Thinking of big skies

Grey road, grey sky, bare trees, green field, band of pale pink at the horizon

I took a slightly longer walk today, long enough for my legs to stop feeling wobbly and then start feeling wobbly again. I came out from the corridor of trees and stopped at the road for longer than I usually would, noticing the pull of the flat land beyond the A10. It was cold, and there was no sun so it felt colder, and I would have liked to cross the main road and walk out under the grey sky towards the band of pale pink. Instead, I carried on, noticing how very cold it was, how very bare the trees, how very spiky their twigs. I reminded myself that I wasn’t going to feel this weak forever, that this wasn’t COVID or pregnancy, that it was going to be a matter of days rather than months. Thought that I ought to pump up the tyres of my road bike for when I should be ready to cross the road, but not yet. Then, in the trees, birdsong: I guessed it was a robin, and then looked up, and up, and saw it at the very top.

Epiphany

Pale mauve cyclamen flowers and variegated green leaves, shiny with rain, growing in wet ground.

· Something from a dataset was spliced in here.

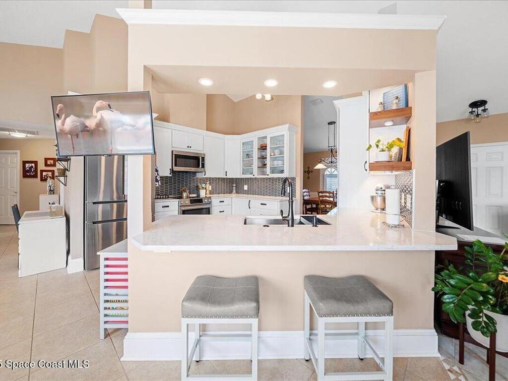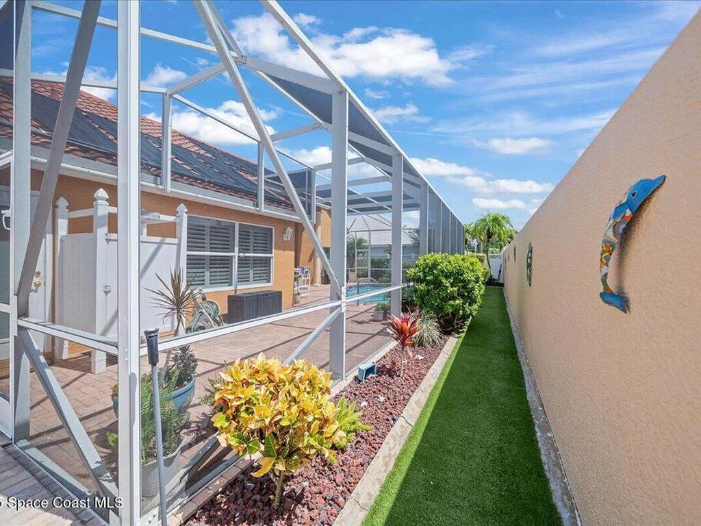 Salt air, sea breezes, and endless sunshine are right outside your door with private community beach access just steps away. This home was made for easy living, with a new tile roof, impact windows, and a newly resurfaced solar-heated pool, you'll never want to leave! Rinse off in the outdoor shower, fire up the grill, and enjoy a low-maintenance backyard designed for more relaxation and less work. Inside, vaulted ceilings and a split floor plan create a bright, open feel. The kitchen has been fully renovated with Bosch appliances, the bathrooms refreshed, and tile throughout. With both living and family rooms, plus a breakfast nook and dining space, there's room to gather, relax, and make every day feel like a vacation! So many updates and improvements, please ask for the full feature list! Most notable: Roof - 2023. Water heater - 2022. AC - 2023. Inside breaker box and outside electrical connection box - 2023

The earth tips back and the light reaches back out to the north, stretches, spreads over us. The sun stays past four o’clock, just a little bit more than eight hours now. The solstice marked the turning point; now I begin to notice.

It’s cold, though. I walked out earlier, just a little way. My loose silky trousers, practical for a healing abdomen, are not so practical for a January walk; I am grateful for my brother’s long-ago recommendation of long-john base layers. I realised, half-way out, that my mind was singing me the enquiry of the Three Kings, the steady four-four of Mendelssohn’s setting keeping pace with my footsteps. Say, where is he born the king of Judea, for we have seen – for we have seen – have seen his star – have see-een his star and are co-ome to ado-ore him – have see-een his star and are co-ome to adore him… These Magi are walking, I think; it isn’t the swaying three-four camel-gait of We Three Kings. Too late, too slow, looking in the wrong place, but getting there in the end.

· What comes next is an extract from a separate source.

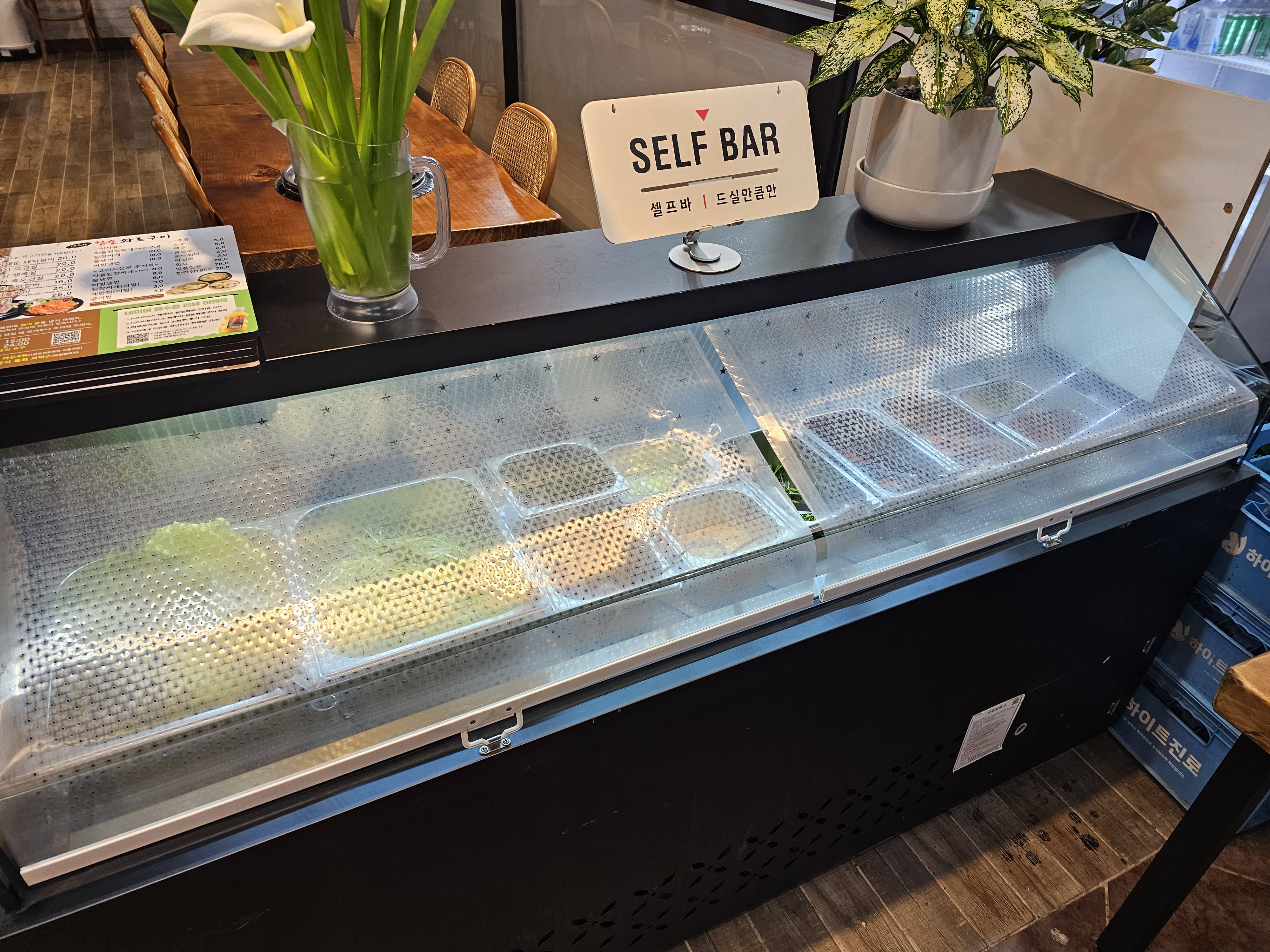 각종 반찬과 쌈 채소는 셀프바에서 직접 가져다 먹는 구조인데, 모든 음식이 냉장보관되고 있었고, 위에 비닐 커버가 덮여 있어 청결함이 돋보였어요.

I caught a glimpse of the cathedral between two houses (you can see it from most places, if you look hard enough) and the flag on the west tower was streaming straight out in a rectangle, like a child’s drawing. The moon, just shy of a quarter, winked through a window of cloud and went away again. I turned, left it at my left shoulder, and turned back towards the sun, and into the wind.

In the garden, the cyclamen have bloomed: sturdy stems, delicate mauve flowers shaped like fantastic head-dresses springing from a rolled band, more outlandish than you’d see in any nativity play. I planted them under the most troublesome of the apple trees, hoping to introduce a little colour against that gloomy fence if nothing else. Suddenly, I’m vindicated.